Editor’s note: The following is a Campaign for Vermont April 26 legislative update.
The economic development bill found itself in hot water this week as senators look to slash funding for a number of projects — some of which may be critical to economic recovery. The pension discussion is moving from the House to the Senate as well.
The Senate looked at H.315 this week, which contains a program called the Economic Recovery Bridge Grant. The program looks at federal tax loss in 2020 to determine eligibility for grant money from the American Rescue Plan Act (ARPA). The State Auditor, Doug Hoffer, took issue with this calculation because there is no threshold for qualification so slight losses could lead to significant grants. Also, the bill doesn’t take into account businesses that continually run losses or those that had a single-year loss but have rebounded and would be cashflow positive in 2021 regardless of the grant money. He is advocating for a more nuanced approach.
Concern around the capital seed fund from 2010 surfaced in the Senate Economic Development Committee this week. This program was meant to be a revolving loan fund, but the original $5M in funding does not appear to have been recouped. There is a proposal to add another $1M in funding but first legislators want to understand what the ROI of the program actually is.
There is some level of risk that the Senate will pull much of funding out of H.159 which would effectively quash any economic development effort this legislative session. Some programs, like the UVM technology transfer program, may only receive half of the funding originally envisioned by the House. Similar cuts may happen for outdoor recreation efforts and tourism and marketing budgets. While prioritizing federal dollars and examining the costs and benefits of each program is a worthwhile effort, we should be careful to not make cuts that will undermine recovery efforts.
There was a discussion in House Natural Resources on Tuesday about expediting administrative review and permitting of the Act 250 process for projects that receive American Rescue Plan Act (ARPA) funding. Administration officials pointed out that speeding up review and permitting is largely a function of resources. More staff equals faster permits.
The Senate is getting down to decision time on broadband funding. It seems like the Finance Committee has decided to allow for more flexibility around who can apply for the $250M in grant money available. However, there is no decision yet around affordability measures. This could prove important because over the next few years the cost of service is likely to overtake availability as the largest driver of access. Senators are also skeptical of setting up a new statewide entity to take on broadband buildout and funding because of the time it takes to set up such organizations. ARPA funds need to be spent within the next three years and wasting 6-12 months setting up a new organization may prove to be a costly delay.
The pension bill, H.449, was voted out of the House this week after a debate over defined benefit versus defined contribution plans (like state colleges, some state employees, and municipalities have). The bill would create a task force to look at benefit and contribution recommendations and bring a proposal back to the legislature next year. We are concerned that delaying action on this issue will make the problem worse and force even more painful cuts.

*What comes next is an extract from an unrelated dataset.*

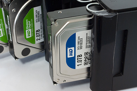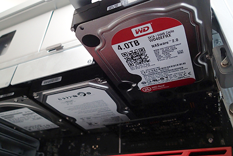 こちらは標準では他社のドライブが入っていましたが、1台破損したためWD Blueをスペアとして入れていました。RAID1での運用だったので、データの損失はなく助かった思い出があります。
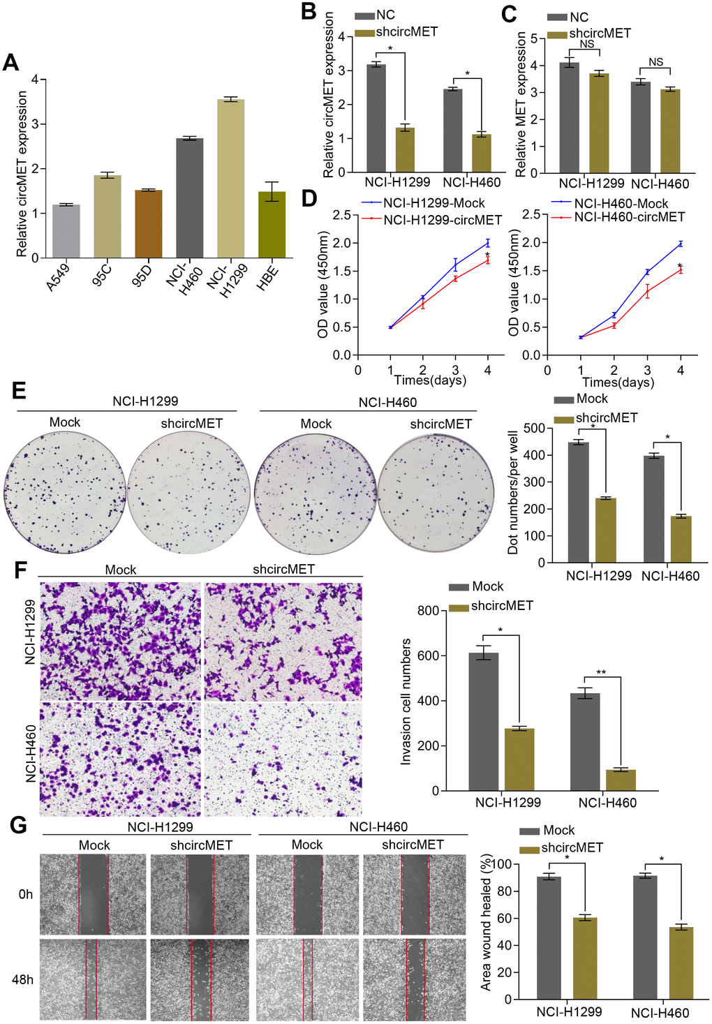 Initially, we examined circMET expression levels in a variety of human NSCLC cell lines by RT-qPCR analyses. (Figure 2A). To further characterize the biological function of circMET in NSCLC cells, we next effectively silenced circMET expression in NCI-H460 and NCI-H1299 cells by transfection with specific shRNA (sh-circMET) (Figure 2B) and successfully forced circMET expression in A549 and 95D cells using the plasmid vector (Supplementary Figure 1A). However, qRT-PCR showed that other MET splicing products, such as the MET mRNA, had no significant effects on the expression level. In vitro Cell Counting Kit-8 (CCK-8), wound healing, migration, clone formation, and invasion assays revealed that expression was significantly suppressed in circMET knockdown NCI-H460 and NCI-H1299 cell lines compared with that in the mock control cell lines (Figure 2C–2G). Conversely, overexpressing circMET promoted the growth and migration of NSCLC cells (Supplementary Figure 1B–1E).

There are also governance changes in the bill that would require training for members of the Vermont Pension Investment Committee (VPIC) and require experienced financial and investment advisors be consulted in setting expected rates of return and in making investment decisions.
The Senate also looked at the bill this week and there was some debate about the makeup of VPIC, particularly around whether or not legislators should serve on the board. The Senate has no qualms about adjusting benefits and is already in discussions around what groups should be exempt. They agreed with the House approach of exempting existing retirees and those within five years of retirement, however there was interest in extending this to ten years (which aligns with our recommendation of consistency between the vestment and exemption periods). The Committee event went as far as to suggest a goal should be set for deficit reduction. $600M was thrown out as a possible solution. While a great deal of time has been spent on the make up of the VPIC, equal time may need on determining the make up of pension benefits, as well as the design and funding of the task force given the scope of its responsibilities.
This week Campaign for Vermont released a project proposal to do background research on all 30 Vermont State Senators to determine which might have conflicts with the pension funds or unions. Our intent is to publish a list of those conflicts and ask legislators to recuse themselves where appropriate. Currently, the project is almost 70% funded.
House Government Operations started looking at S.15 this week, which would move towards universal mail-in voting. A number of advocacy groups are supporting the bill because of expanded access to voting. However, there are some concerns around the ability to town clerks to manage this process going forward and whether we are asking them to do too much. As part of this effort, the Secretary of State’s office is promising to work on cleaning up voter checklists in order to make sure that ballots get to the right people.